Your copy should start at the line with "These vanities are" and end at the line with "4 кеча Баку" in the data below. Transcribe only those lines, exactly, pictures excluded.
----- TASK INPUT
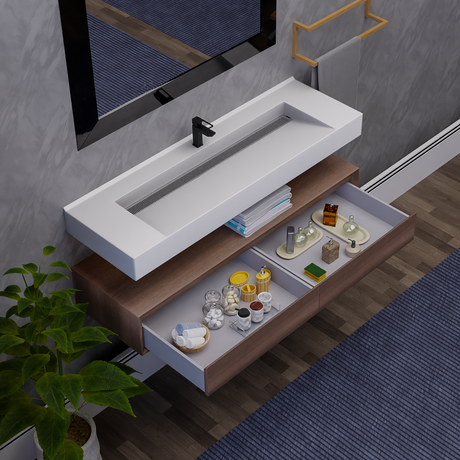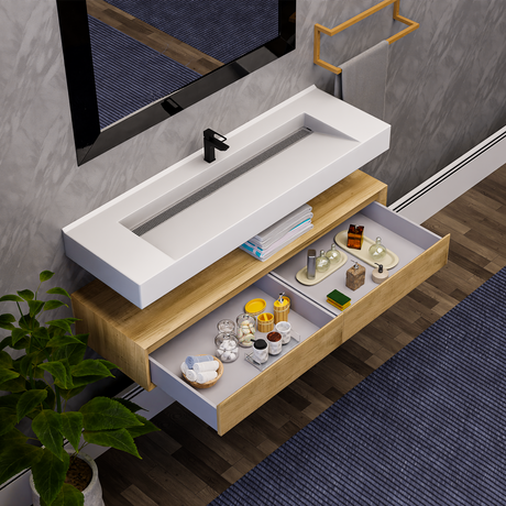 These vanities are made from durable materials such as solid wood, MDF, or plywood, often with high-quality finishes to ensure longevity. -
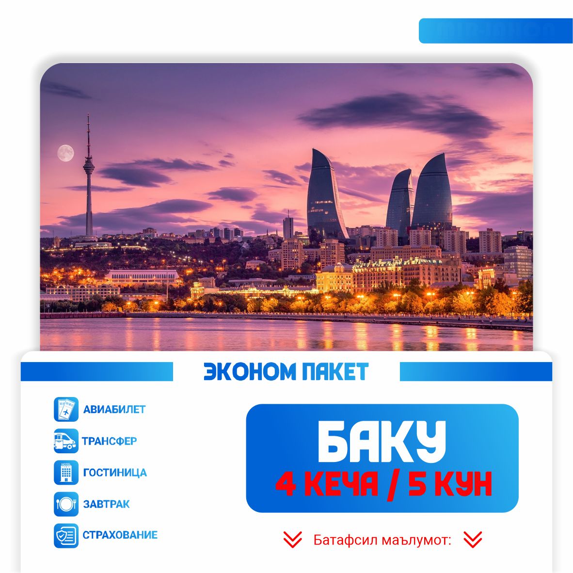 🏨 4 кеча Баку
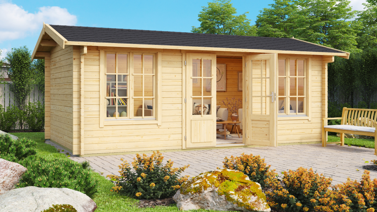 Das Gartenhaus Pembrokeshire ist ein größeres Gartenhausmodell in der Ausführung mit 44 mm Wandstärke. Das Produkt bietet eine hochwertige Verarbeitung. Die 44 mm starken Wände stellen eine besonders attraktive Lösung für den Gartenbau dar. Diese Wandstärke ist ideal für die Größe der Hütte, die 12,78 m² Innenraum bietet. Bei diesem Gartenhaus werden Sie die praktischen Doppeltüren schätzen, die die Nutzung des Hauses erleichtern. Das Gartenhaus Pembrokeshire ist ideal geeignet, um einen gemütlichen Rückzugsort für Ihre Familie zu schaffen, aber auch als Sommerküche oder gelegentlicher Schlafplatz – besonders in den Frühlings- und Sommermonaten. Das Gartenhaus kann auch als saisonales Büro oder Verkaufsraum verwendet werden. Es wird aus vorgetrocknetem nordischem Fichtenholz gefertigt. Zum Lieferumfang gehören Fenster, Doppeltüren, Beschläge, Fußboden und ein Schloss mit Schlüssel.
----------
----- TASK INPUT
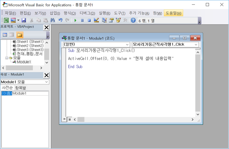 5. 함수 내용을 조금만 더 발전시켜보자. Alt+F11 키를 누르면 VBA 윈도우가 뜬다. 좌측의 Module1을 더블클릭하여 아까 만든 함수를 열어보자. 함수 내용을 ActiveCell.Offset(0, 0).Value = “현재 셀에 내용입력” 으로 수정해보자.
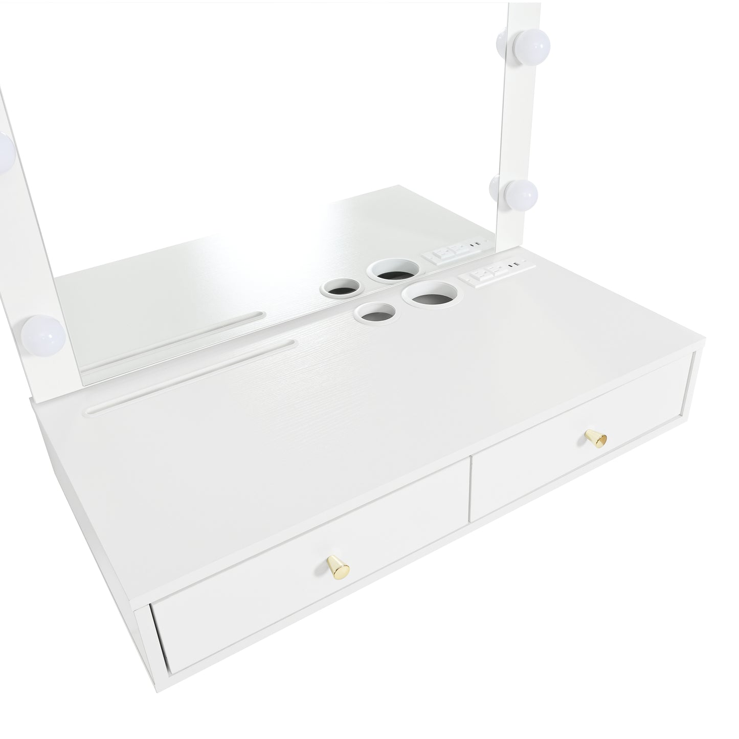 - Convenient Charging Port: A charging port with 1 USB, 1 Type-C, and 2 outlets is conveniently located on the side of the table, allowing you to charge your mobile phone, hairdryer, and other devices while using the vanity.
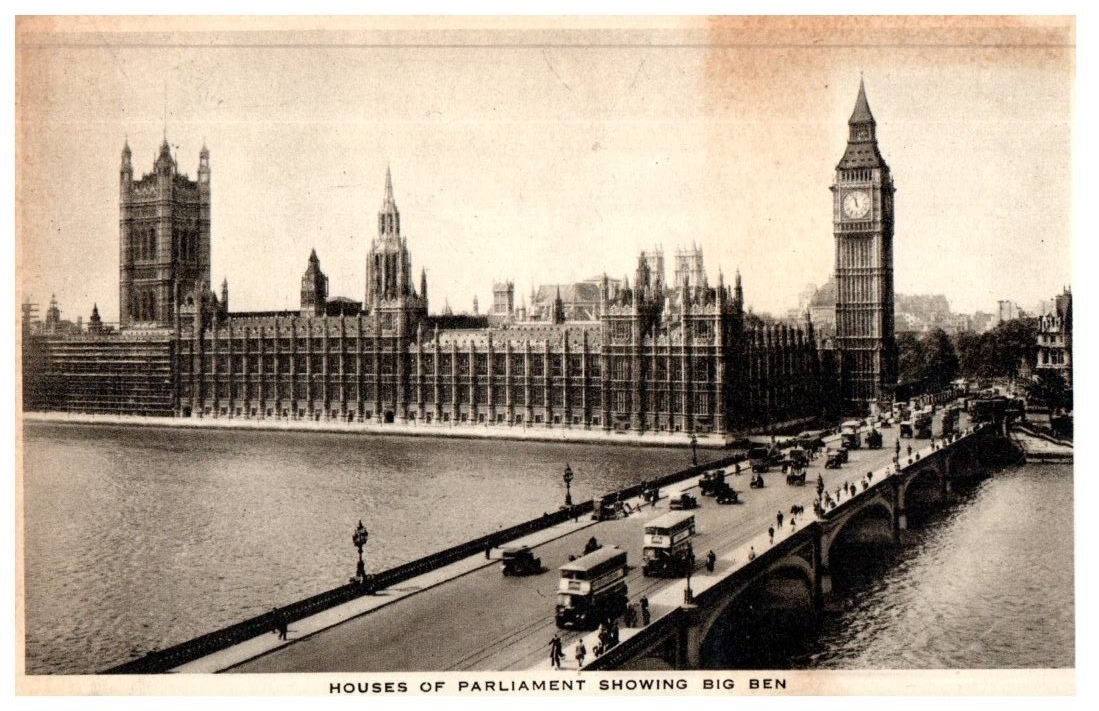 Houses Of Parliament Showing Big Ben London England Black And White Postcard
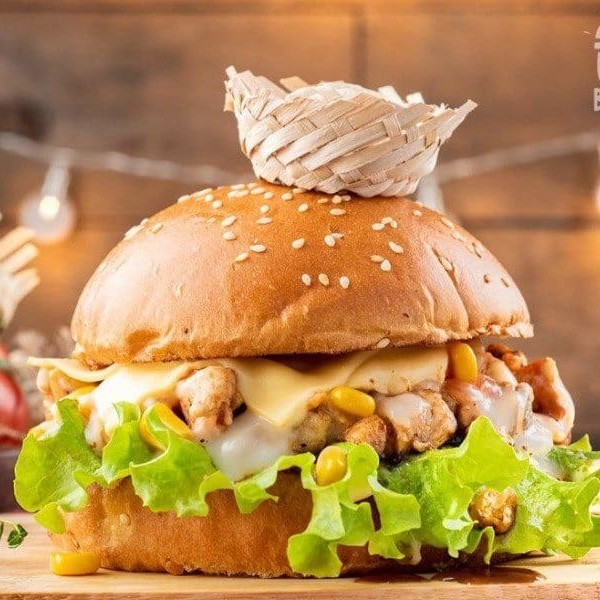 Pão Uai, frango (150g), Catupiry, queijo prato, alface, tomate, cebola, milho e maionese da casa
----------
----- TASK INPUT
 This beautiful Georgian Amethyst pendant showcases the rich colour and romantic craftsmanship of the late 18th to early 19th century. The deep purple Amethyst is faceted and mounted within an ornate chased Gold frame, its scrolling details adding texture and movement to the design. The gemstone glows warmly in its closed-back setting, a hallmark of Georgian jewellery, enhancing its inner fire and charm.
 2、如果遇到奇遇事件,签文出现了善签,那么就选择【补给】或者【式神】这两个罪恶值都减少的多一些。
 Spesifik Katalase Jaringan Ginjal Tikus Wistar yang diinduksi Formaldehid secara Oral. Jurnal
----------
→ THE ANSWER
 These vanities are made from durable materials such as solid wood, MDF, or plywood, often with high-quality finishes to ensure longevity. -
 🏨 4 кеча Баку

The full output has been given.